If $f^*$ is the optimal solution(minim cost) and $f(x_k)$ is cost at iteration $k$, then $\Delta_k$ is defined as $\Delta_k = f(x_k) - f^*$.
$\textbf {case 1}$: When we have $\Delta_{k+1} \leq (1-\frac{\mu}{L})\Delta_{k}$ in which $\mu , L \in \mathbb{R}$ and $\mu < L$, $\rightarrow$ it shows the linear rate of convergence for function $f$. ( I understood this part).
$\textbf{case 2}:$ Under different assumption, we will have the following recursion:
$\Delta_{k+1} \leq \Delta_k − C\Delta_k^2$, where $C = \frac{1}{2L\|x_0−x^* \|}$
It follows:
$\frac{1}{\Delta_{k}} \leq \frac{1}{\Delta_{k+1}} − C\frac{\Delta_k}{\Delta_{k+1}} $
$ \frac{1}{\Delta_{k+1}} \geq \frac{1}{\Delta_{k}}+c \geq \quad... \quad \geq \frac{1}{\Delta_{0}}+(k+1)c$
which shows $\Delta_k \leq O(\frac{1}{k})$ and has a sublinear convergence.
I don't know how exactly relate the definition of sublinear rate of convergence from wikipedia to the result obtained in case 2. Can anyone help to show how we can conclude the convergence rate based on above recursion(case 2)?
Thank you.
I think the lecture notes are somewhat carelessly worded. At the top of page 5 it says that if assumption 1 is satisfied you have sublinear convergence but if assumptions 1 and 2 are satisfied you have linear convergence. This seems to imply the convergence can be both sublinear and linear, which contradicts the wikipedia discussion cited by OP.
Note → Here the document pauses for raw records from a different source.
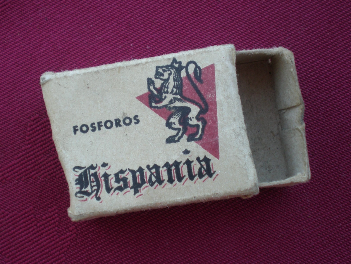 Eldspýtustokkur, tómur úr pappa, á honum stendur: Fosforos Hispania.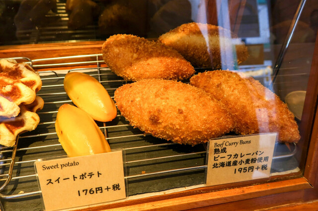 ラムレーズンクリームとカレーパンとワッフル購入。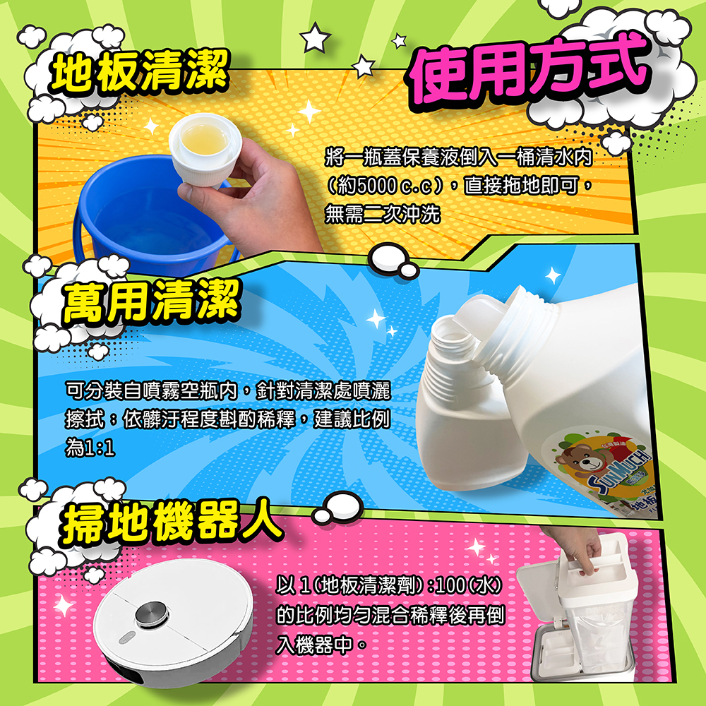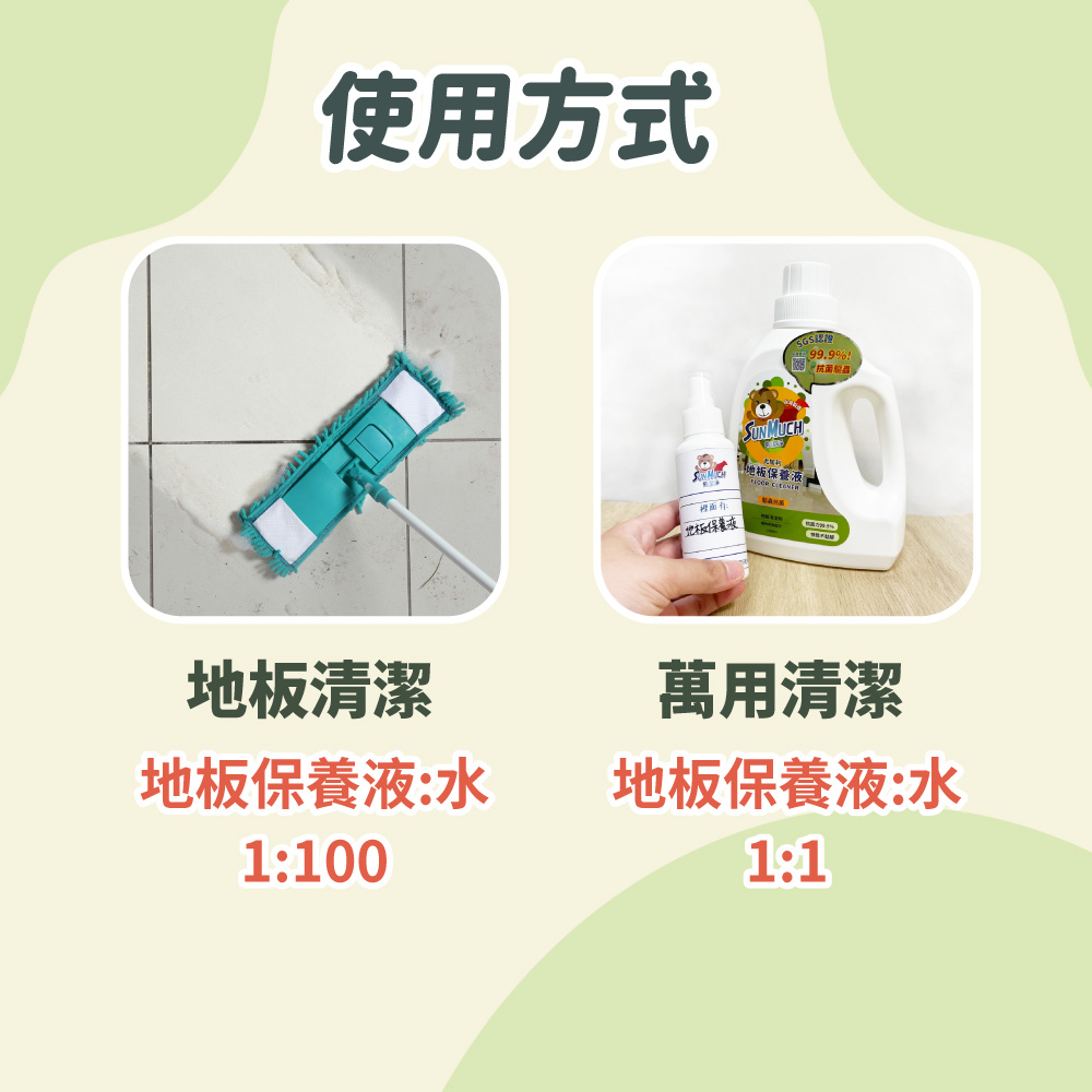 將一瓶蓋保養液倒入半桶清水內(約5000 c.c),直接拖地即可,不必再沖洗,地板快速回乾。

I think the resolution is that the lecture notes author should have written that the best you can conclude from assumption 1 alone is that the convergence is sublinear and if both assumptions are satisfied you can draw the stronger conclusion that the convergence is linear.
In particular, suppose the sequence $\Delta_k\sim c/k$, converging to zero about as slowly as case 2 allows. Then the ratio $\mu_k=\Delta_{k+1}/\Delta_k$ tends to $\mu=1$ and hence $\Delta_k$ is sublinear in the sense of the Wikipedia article. (Reading between the W article's lines: under basic definition it does not define $\mu_k$,...).